Seorang intelektual muslim asal Iran, Hossein Nasr telah mengeritik konsep cogito-nya Rene Descartes sebagai biangnya. Adagium Descartes dianggap telah mendikotomi manusia dengan entitas yang lain termasuk alam. Sehinga alam hanya dilihat sebagai objek dari superioritas manusia yang dikukuhkan sebagai subjek berpikir.
Selain itu Nasr, Whiliam Chitick juga menawarkan paradigma antropokosmik sebagai kritiknya terhadap pandangan antroposentrisme yang membumi di dunia barat.
Sudahlah, ini semacam isyarat agar bumi bisa sedikit bernafas.
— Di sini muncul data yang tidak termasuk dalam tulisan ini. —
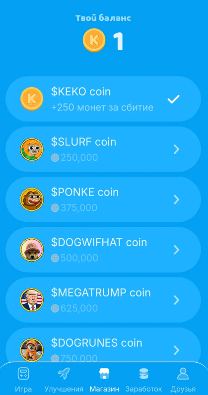 Оболочка приложения Keko Killer была максимально простой. Рядовой игрок мог заходить, выполнять различные задания и получать вознаграждение в определенной криптовалюте. В приложении была прокачка дохода и ежедневные квесты.

Secara kosmologis, bumi bisa dimaknai sebagai ibu kehidupan. Olehnya itu semua yang lahir dan tumbuh di atasnya adalah anak dari Ibu Kehidupan. Jika demikian berarti kita punya hubungan yang amat batih dengan bumi.
Jika meminjam istilah Chitick bahwa dalam relasi antropokosmiklah kita bisa menata itu, karena kita melihat bumi sebagai bagian dari kita dan kita adalah bagian darinya. Artinya jika kita menjaga bumi sama halnya menjaga diri sendiri dan begitu juga sebaliknya merusaknya berarti merusak diri kita sendiri.
Wallahu a’am bissawab.
Sopian Tamrin, S.Pd., M.Pd., Staf Pengajar FIS UNM, Direktur Eksekutif Education Corner.